Faith Reels: ‘The Birth of a Nation’ … our dark past

by Bonnie Anderson and Dan Webster


Nate Parker, director, star and co-writer of this new film has been in the news. The film has been affected by the controversy surrounding Parker and a colleague who were accused and tried for the 1999 rape of a college student at Penn State. Consequently, there have been calls for a boycott of the film. Some critics have refused to review the film, but we are reviewing it because we believe it’s an important film. Having said that, although this film is artfully done, it is still difficult to watch. Current events in our country are poignant reminders of the seeds of racism deeply sown into our national ethos. The film painfully shows an important part of American history.

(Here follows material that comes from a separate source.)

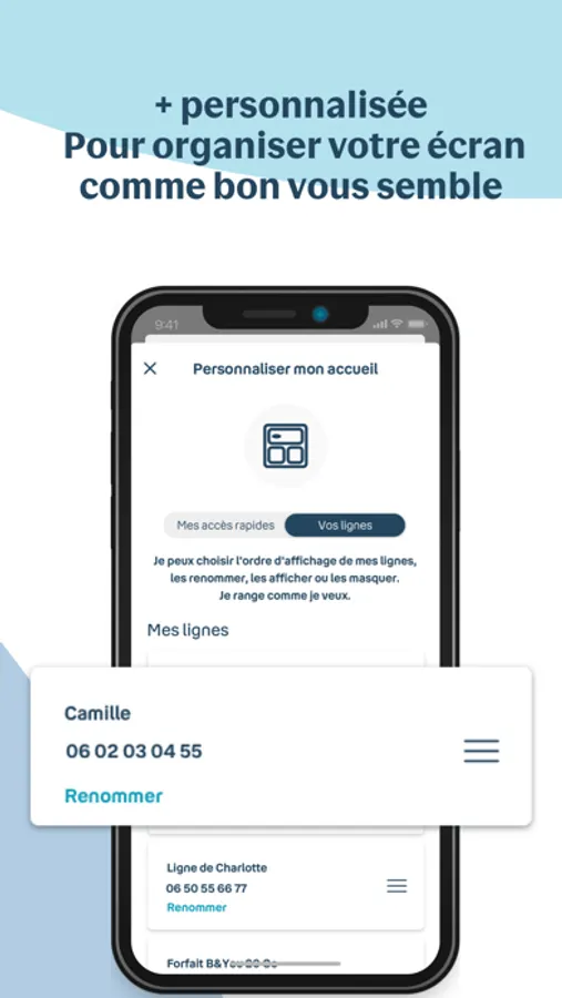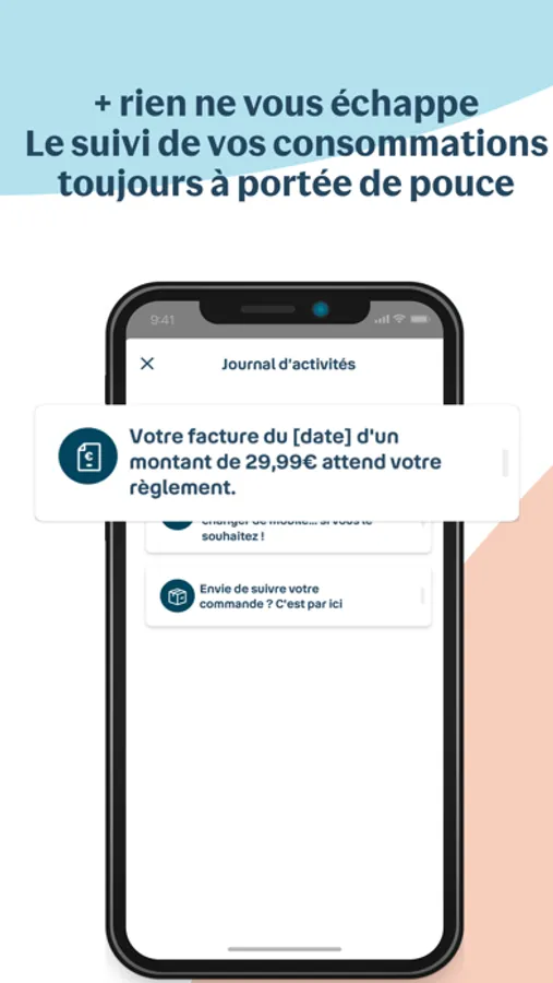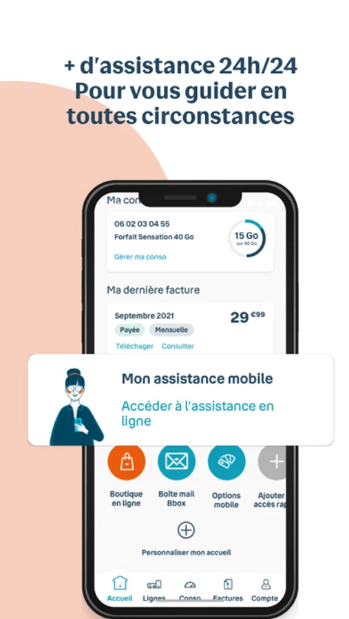 Consommation, factures, forfaits et abonnements… Toutes vos informations essentielles sont visibles en un clin d’œil, et accessibles en un clic sur votre écran d’accueil personnalisable.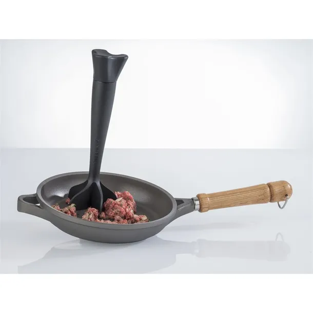 Niezastąpiony, wielofunkcyjny, poręczny i trwały. Już nie musisz się męczyć, by na patelni rozdrobnić mięso mielone. Z pomocą przychodzi siekacz WHACKER. Dzięki niemu, bez żadnego wysiłku posiekasz równomiernie mięso, nawet to częściowo jeszcze zamrożone. Pomoże Ci on także w przygotowaniu awokado na guacamole, rozbijaniu ugotowanych ziemniaków czy kruszeniu tofu i fety. Siekacz jest odporny na wysokie temperatury (aż do 210°C).

Parker presents the realities of the life of a slave. The racial violence is horrifyingly brutal. Yet Nat, who is literate and believes himself to be prophetic, earns money for his master by preaching tolerance and obedience to slaves on other plantations. Nat believes he is called by God and is assured of his “special qualities” by family members throughout the film. Nat’s father tells his young son, “You’re a child of God. You got purpose. It’s in ya. The Lord put it there and there ain’t nobody can take it away.” That drives Nat to be a man of integrity and courage even as he is owned by another human being.


A compassionate man, who endured a life of slavery that caused him to witness and be the object of atrocities inflicted on him and other slaves eventually enlisted other slaves to join him in the 1831 slave rebellion in the region of Southampton County, VA, that resulted in the murder of white people including the Benjamin Turner family, who “owned” Nat, and his wife Cherry.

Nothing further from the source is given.